What the exercise asks:
Beginning at the line that contains "Examen Comptabilité 2" and finishing at the line that contains "士林润园社区规划可分为蓬莱路", output the data below exactly. Include both end lines and no pictures.

Given records:
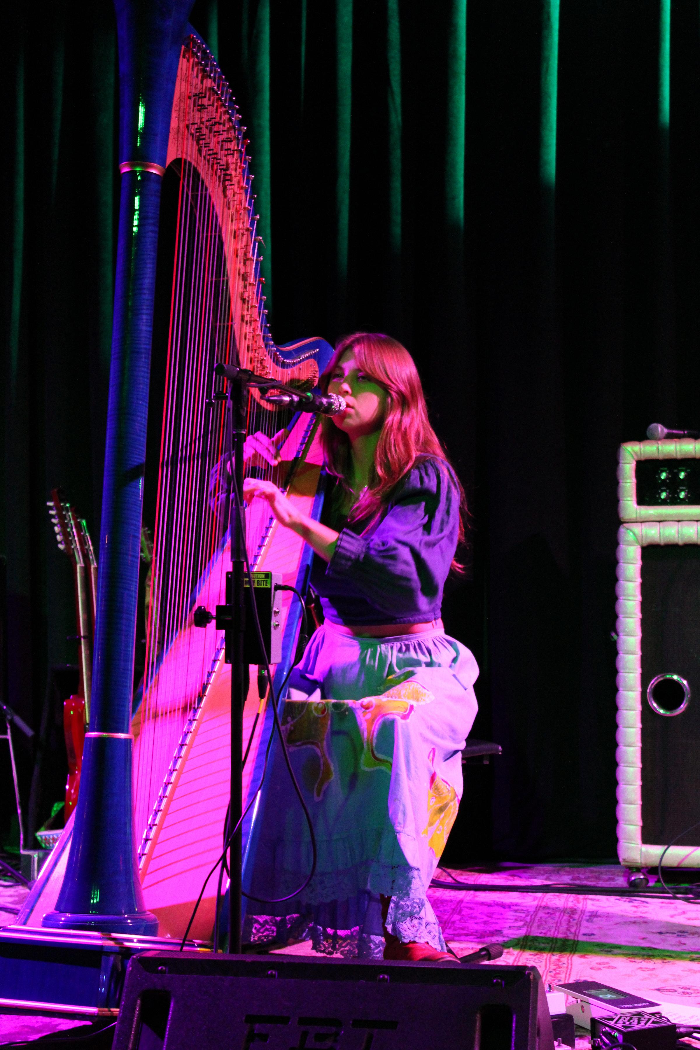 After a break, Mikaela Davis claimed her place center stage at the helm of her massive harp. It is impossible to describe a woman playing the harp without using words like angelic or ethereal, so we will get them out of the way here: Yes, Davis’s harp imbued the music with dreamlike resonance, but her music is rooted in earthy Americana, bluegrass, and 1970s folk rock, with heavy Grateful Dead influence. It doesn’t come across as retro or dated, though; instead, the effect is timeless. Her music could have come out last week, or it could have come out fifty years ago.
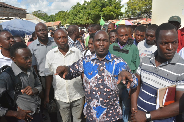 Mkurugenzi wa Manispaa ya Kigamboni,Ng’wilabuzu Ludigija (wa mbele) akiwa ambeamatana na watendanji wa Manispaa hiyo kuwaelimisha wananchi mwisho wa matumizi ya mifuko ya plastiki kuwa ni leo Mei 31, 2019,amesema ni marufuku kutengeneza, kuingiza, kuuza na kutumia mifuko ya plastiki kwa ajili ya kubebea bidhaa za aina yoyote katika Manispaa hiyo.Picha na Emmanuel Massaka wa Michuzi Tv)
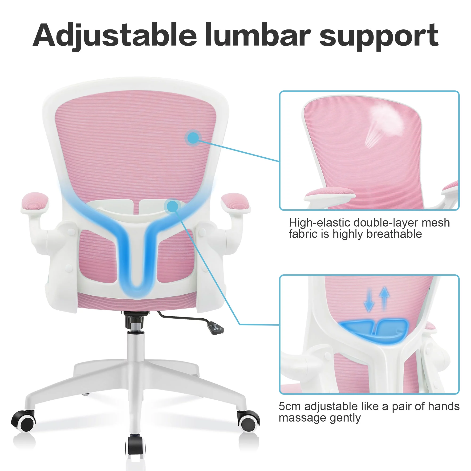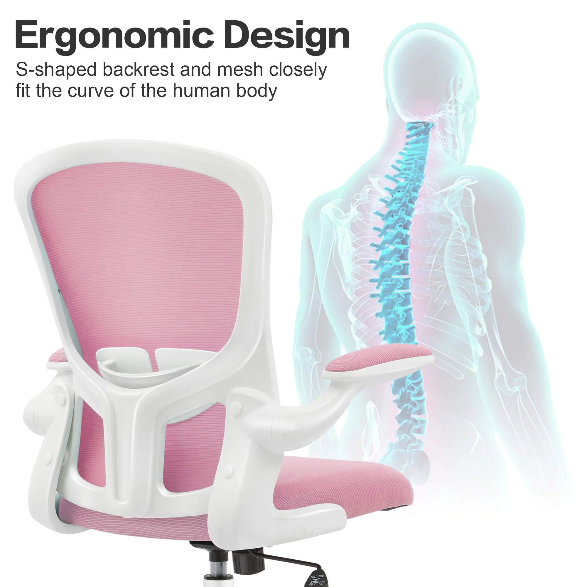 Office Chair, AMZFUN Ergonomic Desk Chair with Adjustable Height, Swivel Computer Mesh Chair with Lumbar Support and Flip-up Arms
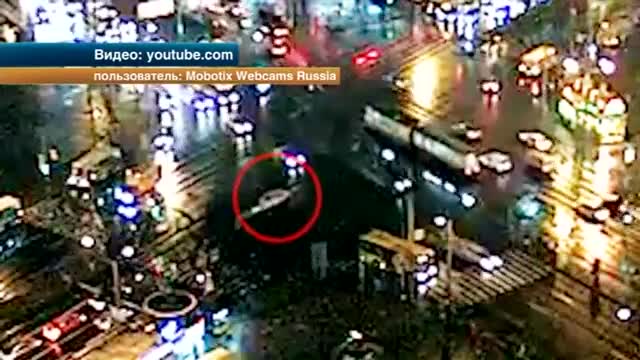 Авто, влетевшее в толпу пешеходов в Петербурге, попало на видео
--
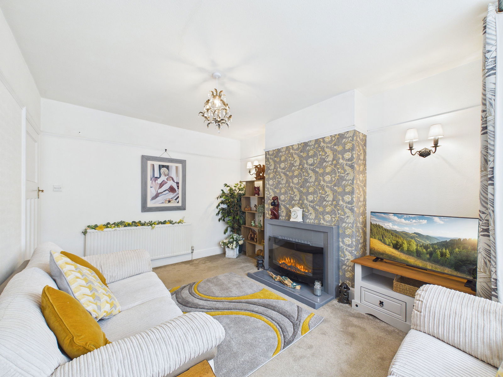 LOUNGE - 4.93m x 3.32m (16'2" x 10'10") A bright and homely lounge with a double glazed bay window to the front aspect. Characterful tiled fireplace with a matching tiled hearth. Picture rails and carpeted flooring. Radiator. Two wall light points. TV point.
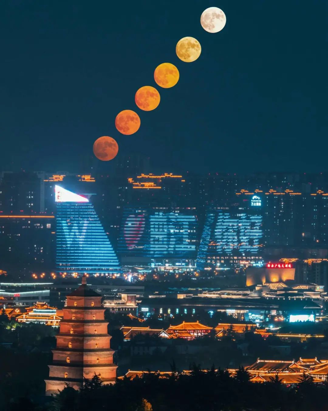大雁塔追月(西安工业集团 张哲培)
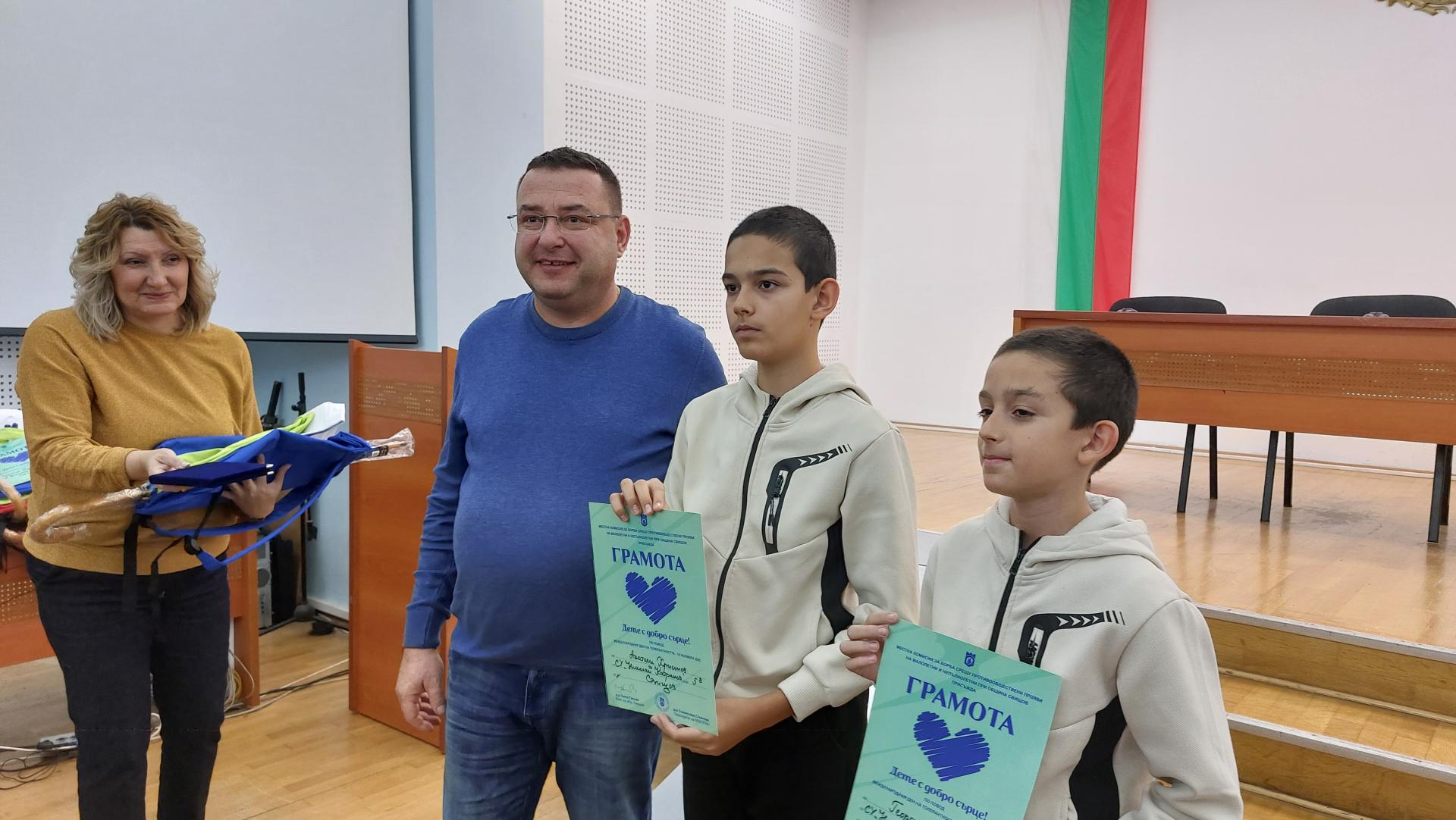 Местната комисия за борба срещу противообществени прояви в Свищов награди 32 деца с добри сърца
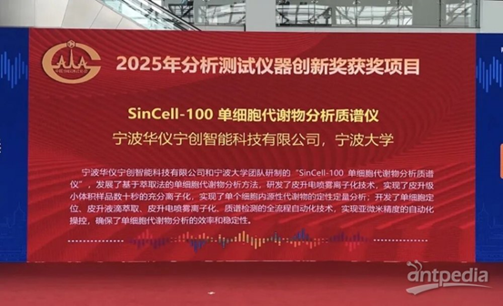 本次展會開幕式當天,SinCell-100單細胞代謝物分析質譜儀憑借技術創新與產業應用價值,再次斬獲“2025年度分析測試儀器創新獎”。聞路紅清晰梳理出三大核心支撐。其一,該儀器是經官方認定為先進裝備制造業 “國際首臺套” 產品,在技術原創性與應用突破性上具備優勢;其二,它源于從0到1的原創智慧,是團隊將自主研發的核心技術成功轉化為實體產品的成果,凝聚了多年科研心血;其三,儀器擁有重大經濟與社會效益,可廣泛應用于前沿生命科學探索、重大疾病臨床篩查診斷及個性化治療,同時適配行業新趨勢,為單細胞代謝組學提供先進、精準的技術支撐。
==
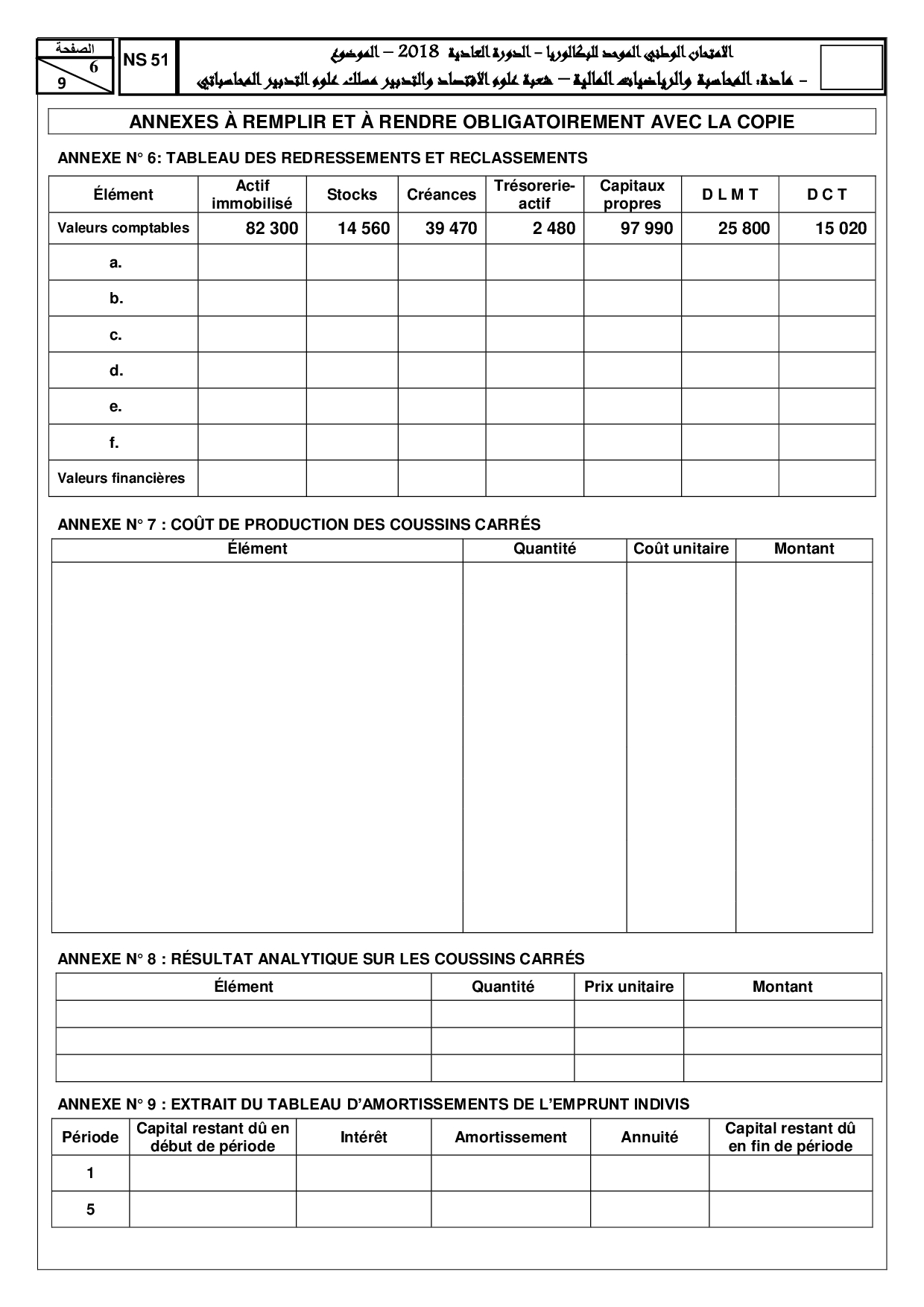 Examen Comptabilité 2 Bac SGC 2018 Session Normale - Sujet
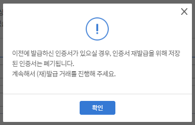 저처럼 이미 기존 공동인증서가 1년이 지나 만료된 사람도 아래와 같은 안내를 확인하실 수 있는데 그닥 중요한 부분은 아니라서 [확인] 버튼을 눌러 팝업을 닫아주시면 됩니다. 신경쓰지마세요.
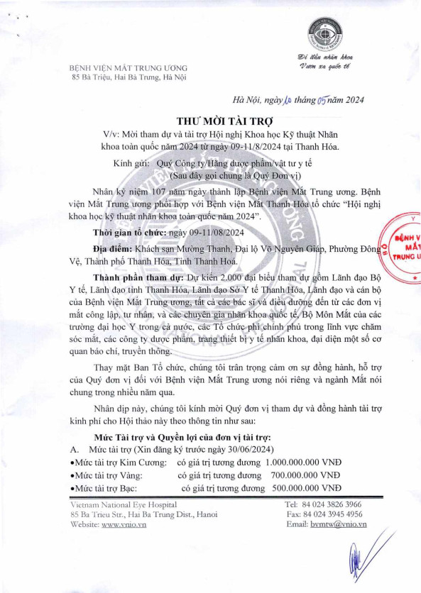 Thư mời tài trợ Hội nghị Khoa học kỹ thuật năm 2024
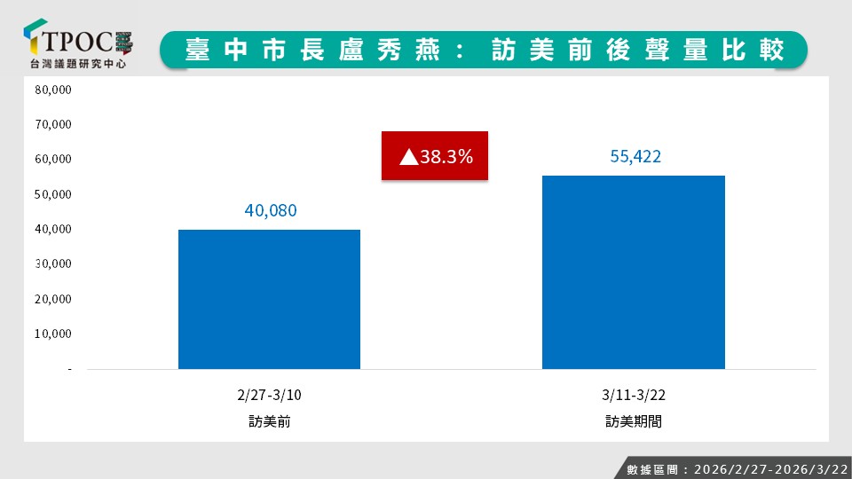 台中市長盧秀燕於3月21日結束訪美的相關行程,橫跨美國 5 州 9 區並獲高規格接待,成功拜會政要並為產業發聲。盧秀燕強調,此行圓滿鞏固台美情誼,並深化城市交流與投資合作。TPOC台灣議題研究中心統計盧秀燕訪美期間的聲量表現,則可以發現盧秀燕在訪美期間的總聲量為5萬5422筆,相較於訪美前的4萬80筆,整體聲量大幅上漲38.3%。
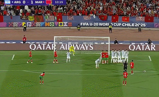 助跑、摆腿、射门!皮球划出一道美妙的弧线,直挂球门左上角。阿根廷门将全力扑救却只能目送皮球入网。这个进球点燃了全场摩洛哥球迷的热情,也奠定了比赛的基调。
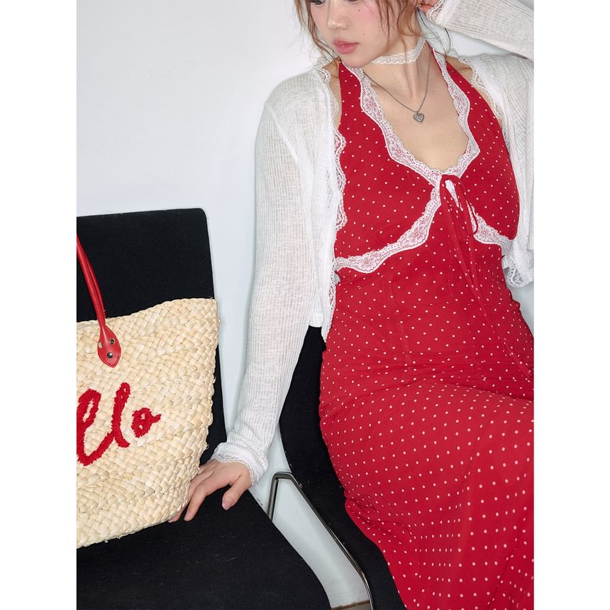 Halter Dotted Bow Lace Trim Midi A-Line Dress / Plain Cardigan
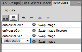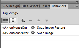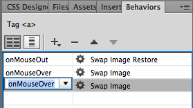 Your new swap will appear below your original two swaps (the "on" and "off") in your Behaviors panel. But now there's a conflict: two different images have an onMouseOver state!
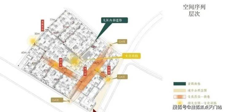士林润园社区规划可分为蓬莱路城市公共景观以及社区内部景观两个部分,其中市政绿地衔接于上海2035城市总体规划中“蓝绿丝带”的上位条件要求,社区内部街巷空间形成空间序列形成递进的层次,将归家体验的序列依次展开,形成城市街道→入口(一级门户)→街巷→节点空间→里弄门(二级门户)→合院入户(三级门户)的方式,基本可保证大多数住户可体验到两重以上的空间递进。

Written answer:
 Examen Comptabilité 2 Bac SGC 2018 Session Normale - Sujet
 저처럼 이미 기존 공동인증서가 1년이 지나 만료된 사람도 아래와 같은 안내를 확인하실 수 있는데 그닥 중요한 부분은 아니라서 [확인] 버튼을 눌러 팝업을 닫아주시면 됩니다. 신경쓰지마세요.
 Thư mời tài trợ Hội nghị Khoa học kỹ thuật năm 2024
 台中市長盧秀燕於3月21日結束訪美的相關行程,橫跨美國 5 州 9 區並獲高規格接待,成功拜會政要並為產業發聲。盧秀燕強調,此行圓滿鞏固台美情誼,並深化城市交流與投資合作。TPOC台灣議題研究中心統計盧秀燕訪美期間的聲量表現,則可以發現盧秀燕在訪美期間的總聲量為5萬5422筆,相較於訪美前的4萬80筆,整體聲量大幅上漲38.3%。
 助跑、摆腿、射门!皮球划出一道美妙的弧线,直挂球门左上角。阿根廷门将全力扑救却只能目送皮球入网。这个进球点燃了全场摩洛哥球迷的热情,也奠定了比赛的基调。
 Halter Dotted Bow Lace Trim Midi A-Line Dress / Plain Cardigan
 Your new swap will appear below your original two swaps (the "on" and "off") in your Behaviors panel. But now there's a conflict: two different images have an onMouseOver state!
士林润园社区规划可分为蓬莱路城市公共景观以及社区内部景观两个部分,其中市政绿地衔接于上海2035城市总体规划中“蓝绿丝带”的上位条件要求,社区内部街巷空间形成空间序列形成递进的层次,将归家体验的序列依次展开,形成城市街道→入口(一级门户)→街巷→节点空间→里弄门(二级门户)→合院入户(三级门户)的方式,基本可保证大多数住户可体验到两重以上的空间递进。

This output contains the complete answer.